Just remember: Your facial hair should reflect your individuality. “You can blend different looks together and play with your personality,” Warren says. “You can go from grunge to businessman in a matter of a trim.” Besides, if you decide you hate it (or if your girlfriend decides you hate it), your beard can disappear in minutes—or however long it takes you to shave your face squeaky clean. How often does a no-lose proposition like that come along?
1. Tread carefully around the neck and jawline. Tapering looks more natural than a blunt line.
2. Don’t fight your natural hair growth. Ryan’s scruff is sparse on the sides but thicker at his chin. Going tighter and shorter at the chin balances his lean face.

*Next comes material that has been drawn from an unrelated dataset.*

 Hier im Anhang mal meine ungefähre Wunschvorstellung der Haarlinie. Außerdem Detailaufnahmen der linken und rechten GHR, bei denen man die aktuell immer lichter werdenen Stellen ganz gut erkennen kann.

3. Beard Clipper 101: The smaller a guard’s number, the shorter your hair will be, and vice versa. But guard numbers aren’t universal. “If you’re getting a trim on vacation and ask for a No. 1 guard, the result may be very different than what you’re used to,” Warren says.
4. Ryan’s easygoing short cut falls into place on its own. American Crew Defining Paste ($16.95, Regis Salons) adds just enough texture.

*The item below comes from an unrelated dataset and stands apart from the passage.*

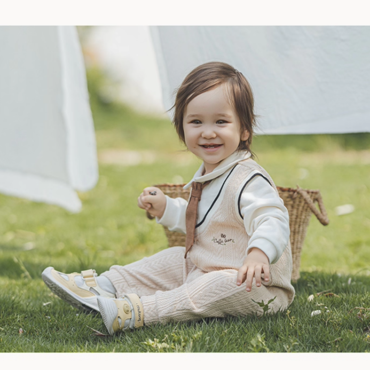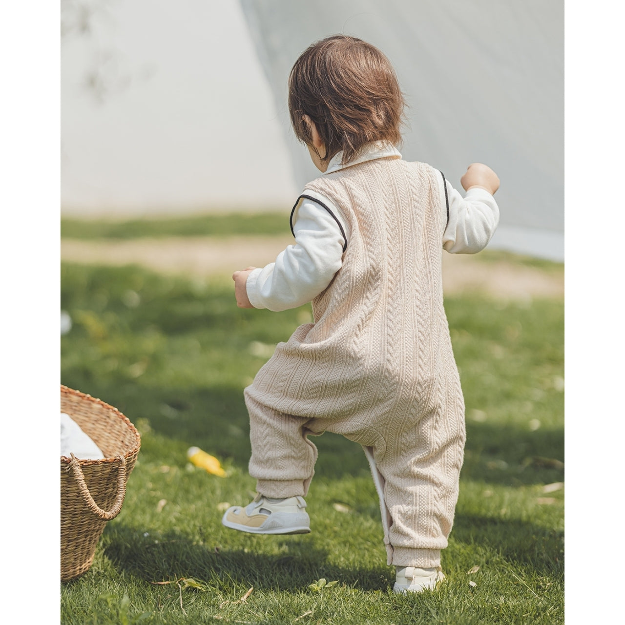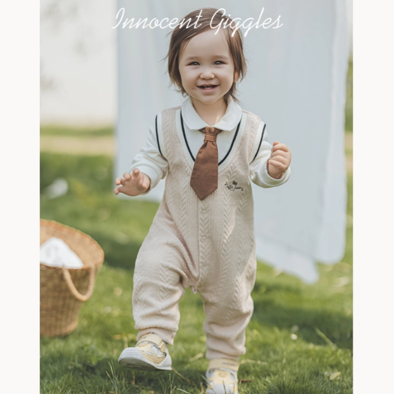 ネクタイ付きシャツとニットロンパースを重ね着したようなレイヤード風デザインです。

1. Keep it proportional to your haircut. “Gerard’s beard is the right length for his hair,” Warren says. “Get this look with a 16th-inch or one-eighth-inch guard.”
2. Add definition to longer, curly hair: Rub a dime-sized amount of Regis DESIGNLINE Texture Cream ($10.95, Regis Salons) between your palms, then apply to hair from roots to ends and let air dry.
3. Sleight of hand when shaping your beard can subtly restructure a rounder face. “Play up your best features,” Warren says. “A squared-off beard adds definition.”
1. Confidence is a must for the mountain man look. Take your cue from Jon and make sure you’re wearing your beard—and it’s not wearing you.
2. The contrast between Jon’s rugged beard and his classic swept-back cut is what makes it work. For a natural matte finish, use a dab of Sebastian Professional Craft Clay ($16.95, Regis Salons) to push hair back from your forehead.
3. Beware: This won’t work for everyone. You’ll need thick, bushy scruff, and “if your facial-hair pattern is broken up, it will look really messy,” Warren says. Better to go shorter than sport a blotchy beard.